Turn it off

And now, folks, Trump TV

I have no doubt this is true, given Trump’s considerable history (detailed in the article) of launching businesses at the wrong time, and having them fail.  Why is it the wrong time? Fox News, presumably Trump’s model, is dying.  Of course it’s been dying off and on for years, but this time it appears that some real changes may be in order there, finally.  All backstage drama aside, much of their audience is due to check out in the next decade.  That’s bad for business.

The bigger issue is that cable in general is dying in places where geography does not make it necessary (and that’s much of the country).  Launching a new channel now is…well…stupid.  Glenn Beck bailed out of TV to exist online — where he’s doing as well as can be expected, I gather –and Sarah Palin, of course, failed miserably with her channel, but she still has enough loyal suckers to send money to her PAC, so she’s okay.  And Trump?

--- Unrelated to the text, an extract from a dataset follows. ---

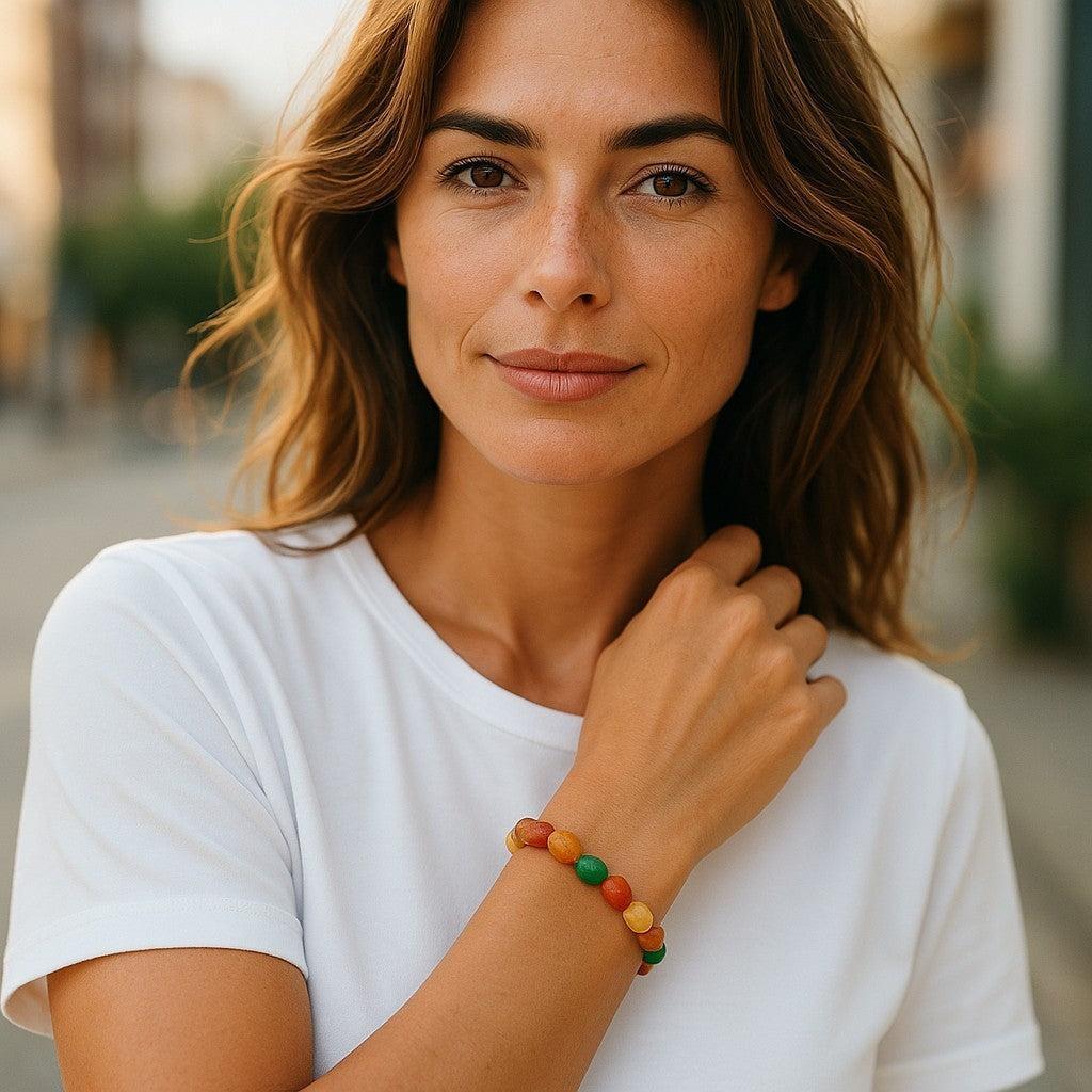 Agate is known for its grounding, stabilizing, and balancing properties. Wearing this bracelet promotes emotional harmony, inner strength, and a sense of calm, while its colorful design adds a lively and stylish touch to any outfit.

Who knows what he will do when he fails.  No doubt he’ll cook up another major flim-flam scam, although running for president again would be out of the question.

He can’t go back to network TV, either.  A couple of comments from an executive at NBC indicate that the possibility is gone forever.  So much for Trump’s alleged scheme to boost his income by running for president, failing, and returning to the show in glory.  (If this is true, how could he ever think it would work?  Ah, it’s his business genius.)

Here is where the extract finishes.